DateSunday, August 22, 2010 at 9:06AM AuthorGilad Atzmon

“This morning I set out to write a piece about the looting of the aid Flotilla to Gaza, by your soldiers. As you may have read, an Israel Defense Forces officer, has been remanded by a military court, suspected of stealing laptop computers from passengers.

Interestingly, Haretz newspaper, now refers to the fleet as an ‘aid flotilla.’ Which it was. Rather than the ‘terror’ fleet your leaders would have had you call it. But I digress.

So, there I was, all ready to write my piece, when I came across an article on ynetnews. It sought to spell out the shock perhaps felt by some about the looted goods. A senior Israel Defense Forces officer said of the flotilla thefts: ‘there must be a serious problem in the IDF in terms of values.”

I looked at those words for a long time. And, instead of writing my piece, decided to write to you instead. Because I can’t help wondering, who on earth still has any reserves of ‘shock’ to spare for the behaviour of your military? I mean really, come on guys.

Beyond the comfortable avenues of Tel Aviv, the rest of the world finds the phrase ‘Moral Army,’ when applied to the IDF, nothing short of a huge, (sadly catastrophic), global sized joke. One on the same level as, say, climate change denial or George Bush’s presidency.

Now, here I’ve done it again. I’ve made you really mad at me. But please, just give me a moment or two to explain why I’m writing this letter. Because I didn’t set out to, nor do I want to insult you. Certainly not anymore than I have in the past. I’m sat here with washing up undone and housework piling up, to ask you one question. As a mother and as a fellow human being I need to know why you don’t see the evil that’s being done in your name?

How can you not see?

As you may already know, I was on the first Freegaza mission in 2008. This means that I not only have the pleasure of knowing personally the fine ladies who founded the FGM (Freegaza Movement). It also means that I had many friends and colleagues on the Flotilla that your military attacked in May.

You know, (again just for a second see me as a mum and not an ‘enemy’) not one of those fine people is a terrorist, wanting to run weapons to ‘extremists’. They are to a man (and to a woman) kind, concerned citizens of the world. People, who simply cannot go about their normal daily lives whilst your state, your army, your settlers torment other human beings. Every minute of every day. Of every month. Of every year.
For sixty two years.

I don’t mean to be rude guys. But there comes a time when saying ‘I didn’t know what was going on’ wears a bit thin. You know what I mean? This whole charade about being ‘shocked’ by your soldiers bad behavior, it makes non Israeli’s, well, it makes us laugh.
.
Because, this weeks looting by your soldiers, it’s not the first of its kind. is it? Come on. Think back. There have been an awful, awful lot of others. Forgotten? Let me help you. Get to a computer and type the words ‘IDF looting’ into googles search engine.

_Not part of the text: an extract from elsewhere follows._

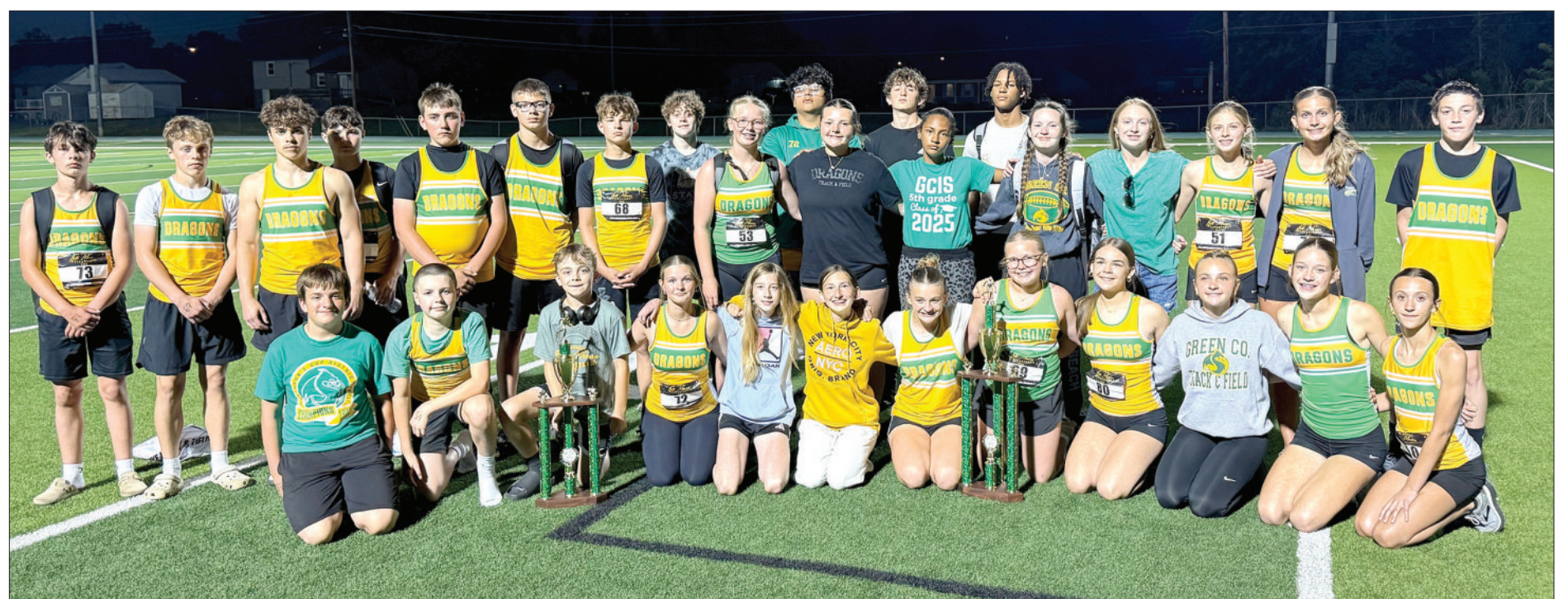
Green County Middle School Girls' team won the Bill Moore Invitational title Saturday evening with 101 points. Campbellville Middle placed second with 93. Green County Boys' team placed runner-up with 105 points. Campbellville Boys won the meet with 130.
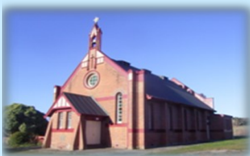
Immaculate Conception, Omeo

You may (or may not be surprised) when this search produces more than 64,000 results. Now before you go off the deep end, crying ‘our enemies are telling lies about us.’ Please, I beg you. Read just some of the results on the first page. It won’t take you long. Okay why not spend the whole morning reading them? After all it’s kind of your duty to know what’s being done in your name isn’t it? I mean, when military crimes are being committed with YOUR tax shekels, you have a right to know.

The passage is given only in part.